Naar aanleiding van de kennisgeving bedoeld in lid 2 kan de tweede lidstaat binnen 20 dagen na ontvangst van de kennisgeving bezwaar maken tegen de mobiliteit van de binnen een onderneming overgeplaatste persoon naar zijn grondgebied, als:
- a)
er niet wordt voldaan aan de voorwaarden in artikel 5, lid 4, onder b), of in lid 3, onder a), c) of d), van dit artikel;
- b)
de overgelegde documenten op frauduleuze wijze zijn verkregen, of zijn vervalst dan wel als ermee is geknoeid;
- c)
de maximumduur van het verblijf, bedoeld in artikel 12, lid 1, of in lid 1 van dit artikel is verstreken.

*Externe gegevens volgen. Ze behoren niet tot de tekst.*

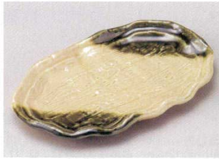
287-02-2B3 800円 2322287002 織部ヌリ分け焼物皿 (19.5×12.2×2.3H) 80入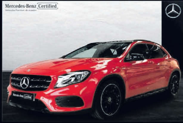
GLA 200 d. AMG Style Black. Automático. 7G-DCT. 31.900€*.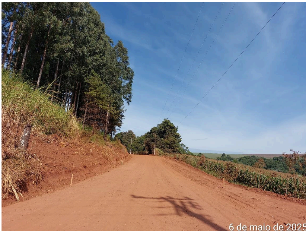
Foto 05. Execução da terraplanagem.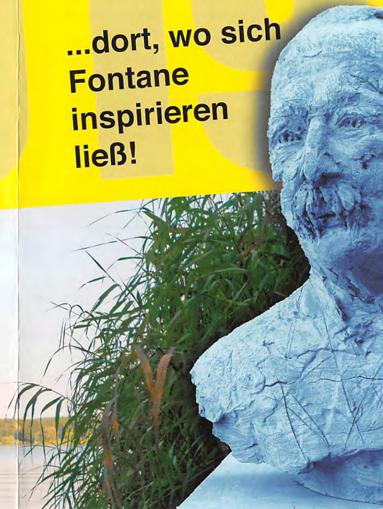
Foto: Jürgen Steinberg, Werder (Havel) „Schloßblick“ Foto: André Stiebitz, Schwielowsee/Tourismus „Schwielow“ Fontaneskulptur: Carmen Stahlschmidt - VG Bild-Kunst Herausgeber: Landkreis Potsdam-Mittelmark & Projektgruppe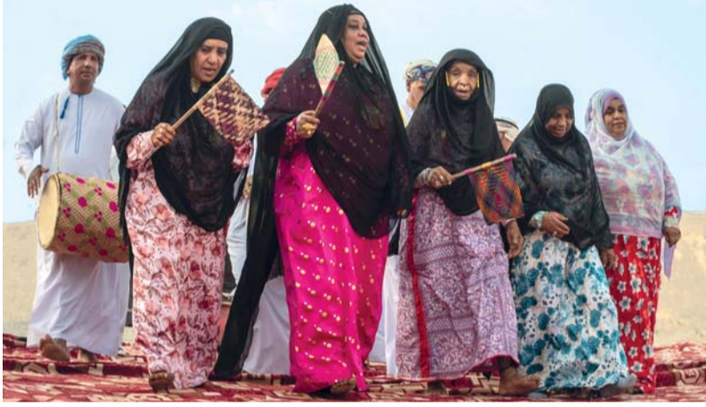
فنون شعبية وعادات وتقاليد عمانية بعدسة موسى الحجري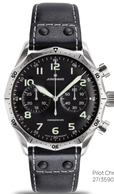
Pilot Chronoscope 27/3590.00

Pilotは、私たちが空の旅にける情熱を物語っています。鮮明に際立つルミナス加工の数字と針が付いたダイヤルは、最高の読みやすさを実現しています。そして人間工学的なデザインのベゼルによりつかみやすさが向上していると同時に独特の外観を生み出しています。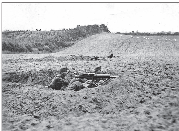
9. ábra. Határbiztosítás. Géppuskás raj tüzelőállásban

A bal szárnyon, a 8. határadászdandár parancsnoka vezetésével megalakult az úgynevezett „Rakovszky-cso-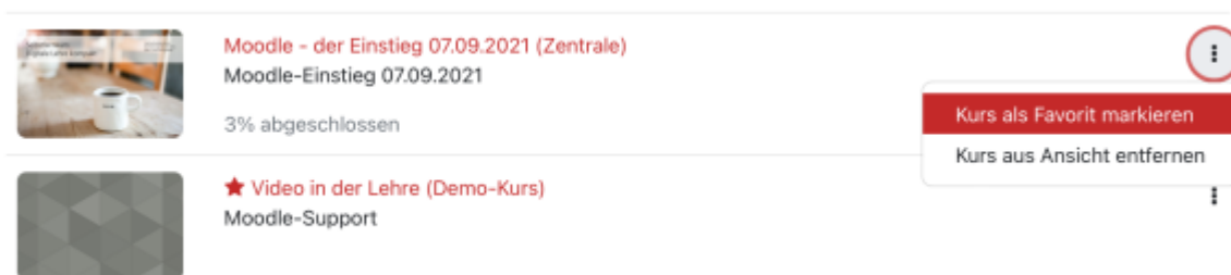
Bild: Favoriten markieren in Moodle

Zur besseren Übersicht können Sie auf dem Dashboard Kurse als Favoriten markieren: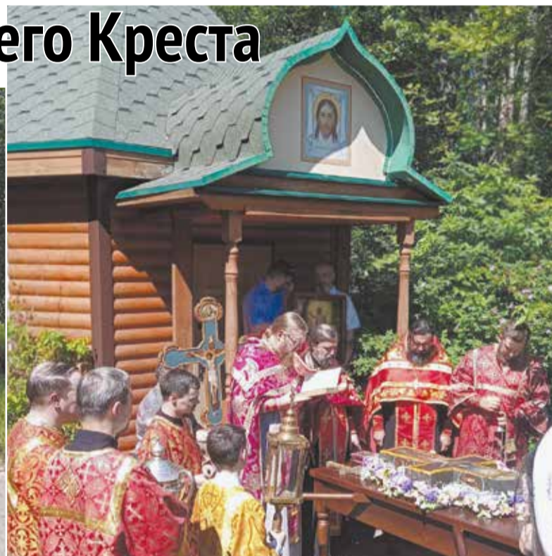
Молебен у каменного креста в завершение Крестного хода.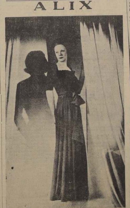
Vestido de noche en crepé marrón, recogido por delante; el cinturón incrustado está hecho en el mismo crepé color habano.

Me refiero a los jabones. Si hay algo feo, incómodo y doloroso, es el jabón. El tratamiento de los jabones es sencillo, pero hay que persistir en él diariamente. Se lavan las manos con agua caliente y buen jabón; se enjuagan con agua caliente y se secan. Se extiende sobre las partes afectadas un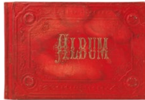
Álbum de A Coruña, 1894-1895 A Coruña, 1894-1895

13,5 x 20 x 1 cm 14,5 x 20,5 x 2 cm Museu Picasso, Barcelona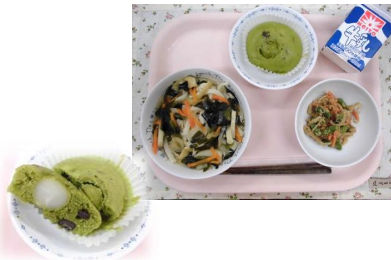
五目うどん ごまあえ 抹茶だんごむしパン 牛乳

ばばばあちゃんのお家のように、みんなでわいわい食べてみたくて給食で再現しました。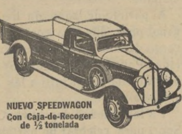
NUEVO SPEEDWAGON con Caja-de-Recoger de 1/2 tonelada

Estilo perfilado—fuerza para gran velocidad y gran tiro—hechos y equilibrados para extraordinaria duración—estos nuevos y magníficos Speedwagons representan, en todo y por todo, los modelos de MAYOR VALÍA INTRÍNSECA que la Reo ha podido producir durante 30 años de experiencia en la fabricación de vehículos de indiscutible superioridad. Los Speedwagons Reo suministran en capacidades de media tonelada y hasta de 4 a 6 toneladas, incluyendo los tipos de Tractor-Remolque y de Omnibus.

De bevoegde autoriteiten van de tweede lidstaat stellen de bevoegde autoriteiten van de eerste lidstaat en de gastentiteit in de eerste lidstaat onverwijld in kennis van hun bezwaar tegen de mobiliteit.
7.
Indien de tweede lidstaat overeenkomstig lid 6 van dit artikel bezwaar maakt tegen de mobiliteit en de mobiliteit nog geen feit is, mag de binnen een onderneming overgeplaatste persoon niet in het kader van de overplaatsing binnen de onderneming in de tweede lidstaat werken. Als de mobiliteit reeds een feit is, geldt artikel 23, leden 4 en 5.
8.
Als de vergunning voor de binnen een onderneming overgeplaatste persoon door de eerste lidstaat wordt verlengd binnen de in artikel 12, lid 1, gestelde maximumduur, blijft de verlengde vergunning voor een binnen een onderneming overgeplaatste persoon de houder ervan het recht geven in de tweede lidstaat te werken, met inachtneming van de in lid 1 van dit artikel gestelde maximumduur.
9.
Binnen een onderneming overgeplaatste personen die worden beschouwd als een bedreiging voor de openbare orde, de openbare veiligheid of de volksgezondheid wordt niet toegestaan het grondgebied van de tweede lidstaat binnen te komen of er te verblijven.